The time evolution is described by the system of rate equations

$$\begin{aligned} \frac{\mathrm{d}}{\mathrm{d}t}W(D^{*})= & {} -k(t)W(D^{*})+k_{-1}(t)W(D^{+}A^{-})-k_{da}W(D^{*})\nonumber \\ \frac{\mathrm{d}}{\mathrm{d}t}W(D^{+}A^{-})= & {} k(t)W(D^{*})-k_{-1}(t)W(D^{+}A^{-})-k_{cr}W(D^{+}A^{-}) \end{aligned}$$
(9.1)

which has to be combined with suitable equations describing the dynamics of the environment. First we discuss a simple dichotomous model [32] where the fluctuations of the rates are modeled by a random process switching between two values representing two different configurations of the environment. We solve the master equation and discuss the limits of fast and slow solvent fluctuations. In the second part, we apply continuous time random walk processes to model the diffusive motion. For an uncorrelated Markovian process, the coupled equations are solved with the help of the Laplace transformation. The results are generalized to describe the powertime law as observed for CO rebinding in myoglobin at low temperatures.

1 Dichotomous Model

The fluctuations of the rates are modeled by random jumps between two different configurations (±) of the environment which modulates the values of the rates.

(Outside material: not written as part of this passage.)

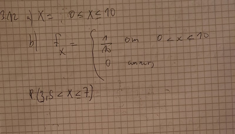 Men jag förstår inte varför ändpunkterna inte är med. Ib) uppgiften ska jag räkna P(3.5<X<=7). Hur gör man det? I facit är det så att vi X kan anta [0,10) medan jag fick fram [0,10].

The probabilities of the two states are determined by the master equation

$$\begin{aligned} \frac{\mathrm{d}}{\mathrm{d}t}\left( \begin{array}{c} W(+)\\ W(-) \end{array}\right) =\left( \begin{array}{cc} -\alpha &{} \beta \\ \alpha &{} -\beta \end{array}\right) \left( \begin{array}{c} W(+)\\ W(-) \end{array}\right) \end{aligned}$$
(9.2)
Fig. 9.1
figure 1

Electron transfer in a fluctuating medium. The rates are time dependent

Full size image

which has the general solution

$$\begin{aligned} W(+)= & {} C_{1}+C_{2}\mathrm{e}^{-(\alpha +\beta )t}\nonumber \\ W(-)= & {} C_{1}\frac{\alpha }{\beta }-C_{2}\mathrm{e}^{-(\alpha +\beta )t}. \end{aligned}$$
(9.3)

Obviously the equilibrium values are

$$\begin{aligned} W_{eq}(+)=\frac{\beta }{\alpha +\beta }\quad W_{eq}(-)=\frac{\alpha }{\alpha +\beta } \end{aligned}$$
(9.4)

and the correlation function is (with \(Q_{\pm }=\pm 1\))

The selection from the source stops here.